KY Senate president weeps, expresses ‘hurt’ over UK players kneeling during anthem
Kentucky Senate President Robert Stivers wept on the Senate floor Monday in talking about how hurt he was to see the University of Kentucky men’s basketball team kneeling during the national anthem before a game Saturday at Florida.
Stivers said the kneeling is protected by freedom of speech. “Was it at the right place or the right time, that is debatable,” he said before reading a letter of his uncle, Franklin Stivers, in combat during the Korean War in December 1950, and talking about his son’s duty in the military.
Stivers’ emotional speech highlighted a round of reaction across the state regarding the kneeling.
Laurel County Sheriff John Root and Jailer Jamie Mosely held a “burning party” of UK basketball apparel in protest. Root said on a Facebook post that UK may have won the game but lost respect. He criticized coach John Calipari, who joined the team in kneeling, for allowing the event.
Calipari defended his players, saying they care about the United States and are trying to understand life. The players said their action was in protest for various reasons, including racial injustice and the riot last Wednesday at the U.S. Capitol.
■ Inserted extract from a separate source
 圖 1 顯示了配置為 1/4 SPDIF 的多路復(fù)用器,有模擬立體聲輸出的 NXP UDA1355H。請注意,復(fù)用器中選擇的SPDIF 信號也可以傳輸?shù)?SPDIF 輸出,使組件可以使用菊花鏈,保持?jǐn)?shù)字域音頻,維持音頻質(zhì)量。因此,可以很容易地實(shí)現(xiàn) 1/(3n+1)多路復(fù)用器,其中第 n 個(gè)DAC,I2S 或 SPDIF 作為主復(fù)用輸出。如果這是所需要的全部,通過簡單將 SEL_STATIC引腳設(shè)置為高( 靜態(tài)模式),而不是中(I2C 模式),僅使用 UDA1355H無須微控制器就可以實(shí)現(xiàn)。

Stivers, in delivering what he said was one of the most difficult speeches in his political career, said young people in this country often don’t understand older people like him. He’s 59.
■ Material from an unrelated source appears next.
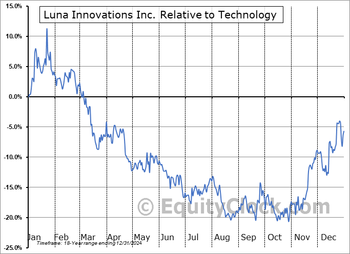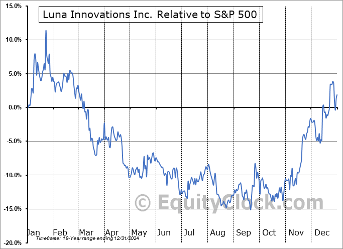 Analysis of the Luna Innovations Inc. (NASD:LUNA) seasonal charts above shows that a Buy Date of September 12 and a Sell Date of January 22 has resulted in a geometric average return of 20.99% above the benchmark rate of the S&P 500 Total Return Index over the past 18 years. This seasonal timeframe has shown positive results compared to the benchmark in 14 of those periods. This is a good rate of success and the return strongly outperforms the relative buy-and-hold performance of the stock over the past 18 years by an average of 32.82% per year.

“People have died for this country. They have died to allow young men to go out on that floor and have the opportunity to play sports and speak their mind,” said Stivers, his voice cracking.
He said there are young men like his son who is in the military.
“He could have lived life without going into the military but he went, knowing that he will come home someday, hopefully of his own volition. And as his father, I pray that it is not in a flag-draped coffin.
“So you want to know the hurt that a parent has when he sees that, that people protest this nation and protest this flag, which is symbolic of my uncle and symbolic of what my son is willing to do, understand the hurt.”
The legislative leader said people should “step back and think about why young men and young women of all nationalities want to have a discussion.
“For the young people of this nation, think about the older people like me who have read these letters of their uncles, and know that their fathers and the grandfathers served, and were willing to serve, even until the point they may not come back.”
He said his son is willing to serve “to make sure that flag is something we can figuratively wrap around us every night and sleep with the protections of freedom. That is why some people hurt when they see this, even though they are protected and are free speech under the First Amendment.”
Sen. Johnnie L. Turner, R-Harlan, said the flag needs “all the respect that it can get.”